The top ten includes Norwegian brands of typical products like cheese, chocolate and jam, but a few other national specialties round out the list: ‘kaviar‘, a spread based loosely on fish roe; ‘lefse‘ (soft potato flatbread); and ‘Seigmenn‘ – little sugar-coated jelly men.
It’s interesting that despite close ties to their Scandinavian neighbors, so many Norwegian favorites remain uniquely Norwegian. Their daily dose of cod liver oil (tran) remains a remarkably strong tradition, and they firmly believe it has near magical properties, imparting health and strength, and is to be taken in months containing the letter ‘r’. Health authorities recommend dosing begins at age four weeks, according to an article by Norwegian news agency NTB.

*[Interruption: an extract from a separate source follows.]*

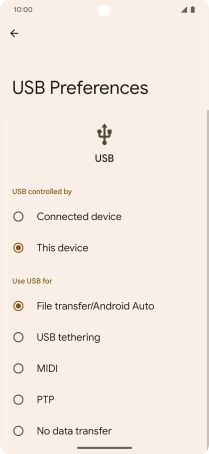 2 Choose setting for USB connection

Swedes phased this habit out over 50 years ago, preferring to bolster their vitamin D levels with drops and enriched margarine, and recommending milk and fish intake. Despite all this, neither of the Scandinavian neighbors have great vitamin D levels in their populations, and Norway has one of the highest incidences of Osteoporosis in the world.
Norway’s recent successes in the Bocuse D’Or demonstrate that despite their delight in scary food, they do know what to do with their exquisite culinary resources. The gourmet restaurant Bagatelle, the country’s only establishment with two Michelin stars, has been hit hard after celebrity chef Eivind Hellstrøm and his entire staff announced they were quitting after a long-running disagreement with financier owner Christen Sveaas.
Sveaas recently promised that he would reopen Bagatelle in 2010, and continue its tradition of excellence. How remains a mystery, or secret, as none of Norway’s top chefs is reported to have accepted the job, according to Norwegian media.